Stages of Drug Development

Stages of Drug Development

Drug development is a multi-stage process that strives to bring new drugs to patients. Each of the stages involved can be very time-consuming - that's why it takes roughly 10-15 years to complete the process and make a new drug ready for use in the patients.

In the past few decades, the process of drug development has become more complex. It involves preclinical testing, clinical testing, an investigational new drug (IND) application, new drug application (NDs), and post-marketing surveillance. After a comprehensive medical review, the main goal of drug development is to offer more effective and safer treatments to patients.

Discovery and Development

The process of drug discovery is the initial step in drug development. The discovery process includes the identification of active chemicals and assessment of their activity and safety through various techniques. The active chemicals can be altered to give them more drug-like qualities through a process called medicinal chemistry. After the identification, optimization, and validation of an active compound, it is pharmacologically tested to determine its therapeutic effects and safety.

Preclinical Testing

Preclinical testing is a stage in the drug development process that determines drug safety and efficacy in cells and animals in order to predict its effects in humans. The relevant governing bodies must also approve any preclinical experiments that are carried out in animals. The governing bodies must ensure that studies are carried out safely and ethically, and only those drugs that have been proven to be safe and effective will be approved.
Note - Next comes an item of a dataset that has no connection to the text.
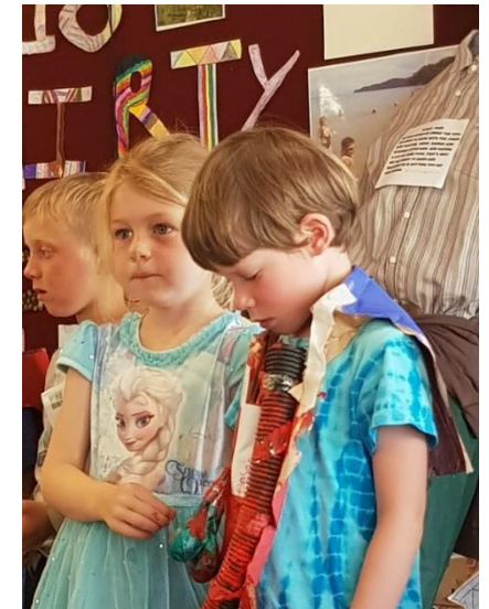
Last Assembly focussing on The Human Body

The International Conference on Harmonization (ICH) has created guidelines for acceptable preclinical drug development technical requirements. There are two ways by which preclinical trials can be conducted, including general pharmacology and toxicology. In addition, pharmacokinetics (how a drug is metabolized and cleared) and pharmacodynamics (what effects a drug has on a body and the mechanism by which those effects are mediated) are also assessed.

Clinical Trials

An Investigational New Drug (IND) application must be submitted to the FDA before clinical trials of a new drug can be initiated. This document provides information related to manufacturing information, animal study data, clinical protocols and all data about principal investigators.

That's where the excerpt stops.